Available data:
____________________

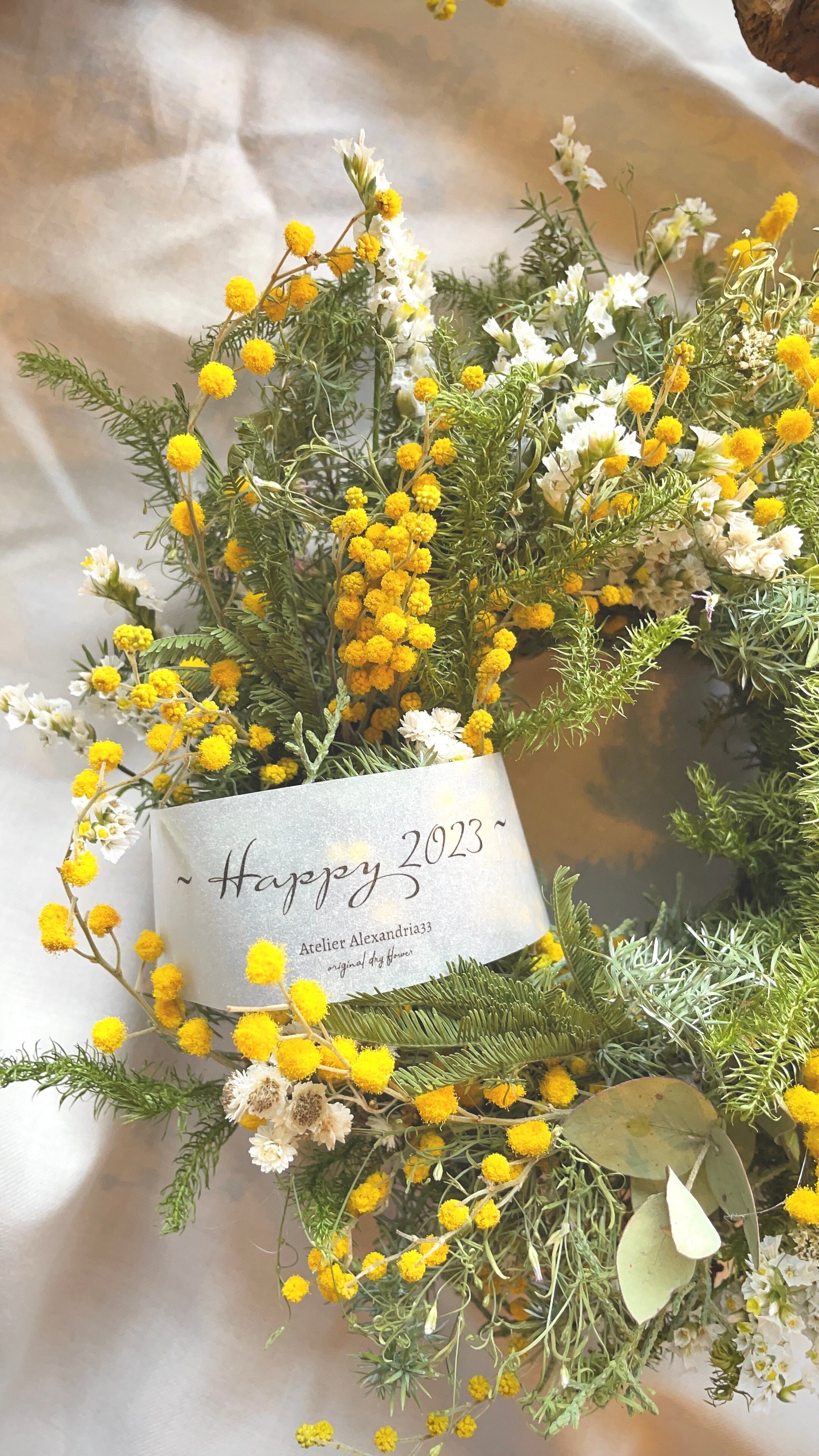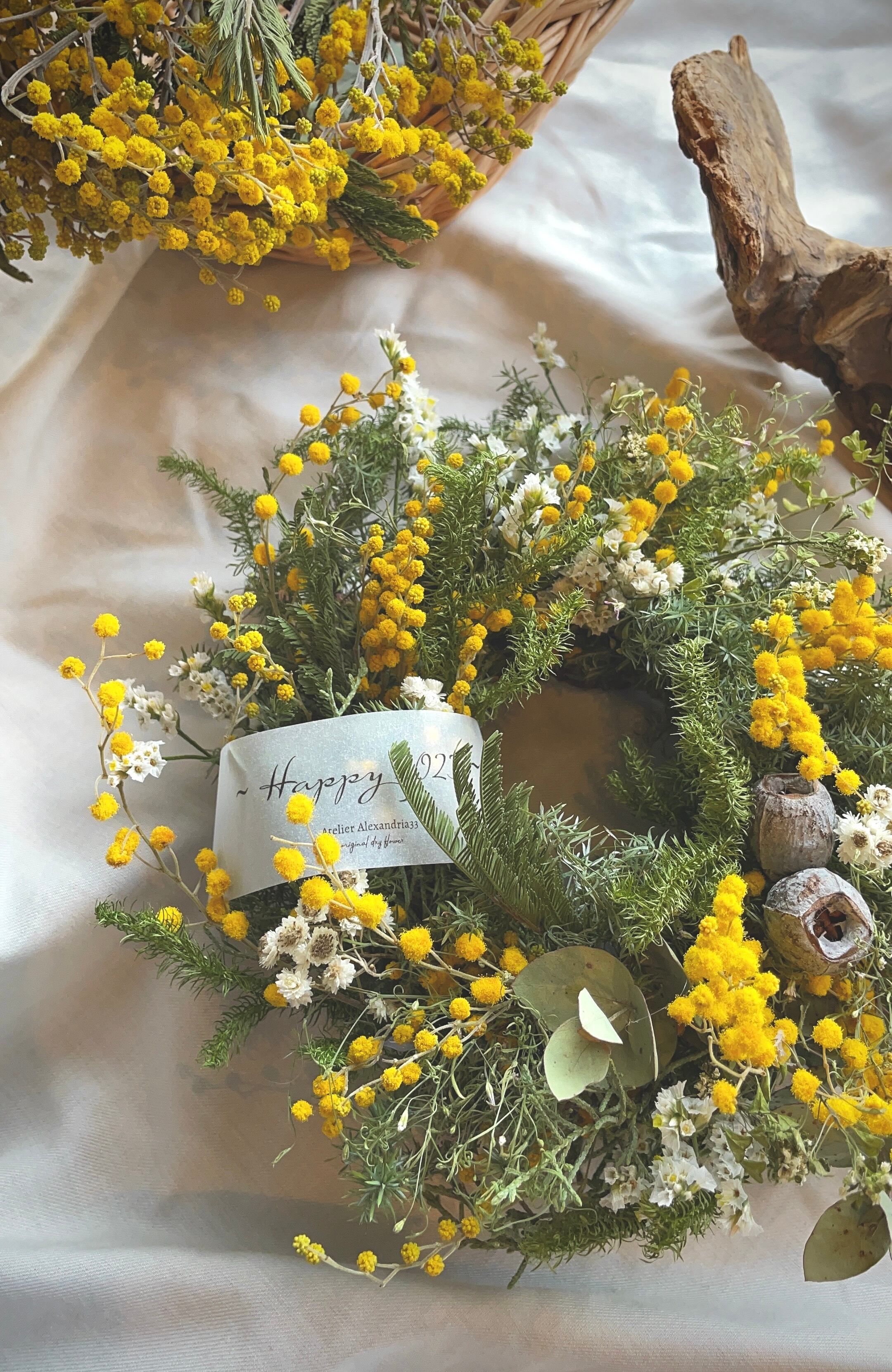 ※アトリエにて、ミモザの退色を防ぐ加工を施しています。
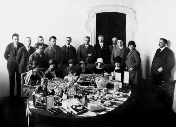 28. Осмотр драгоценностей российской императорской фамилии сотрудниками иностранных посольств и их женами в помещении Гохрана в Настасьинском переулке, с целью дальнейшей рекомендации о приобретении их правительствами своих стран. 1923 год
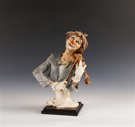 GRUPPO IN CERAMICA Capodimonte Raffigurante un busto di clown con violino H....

____________________

Transcribe the data exactly and leave no picture in the copy.

Task answer:
 ※アトリエにて、ミモザの退色を防ぐ加工を施しています。
 28. Осмотр драгоценностей российской императорской фамилии сотрудниками иностранных посольств и их женами в помещении Гохрана в Настасьинском переулке, с целью дальнейшей рекомендации о приобретении их правительствами своих стран. 1923 год
 GRUPPO IN CERAMICA Capodimonte Raffigurante un busto di clown con violino H....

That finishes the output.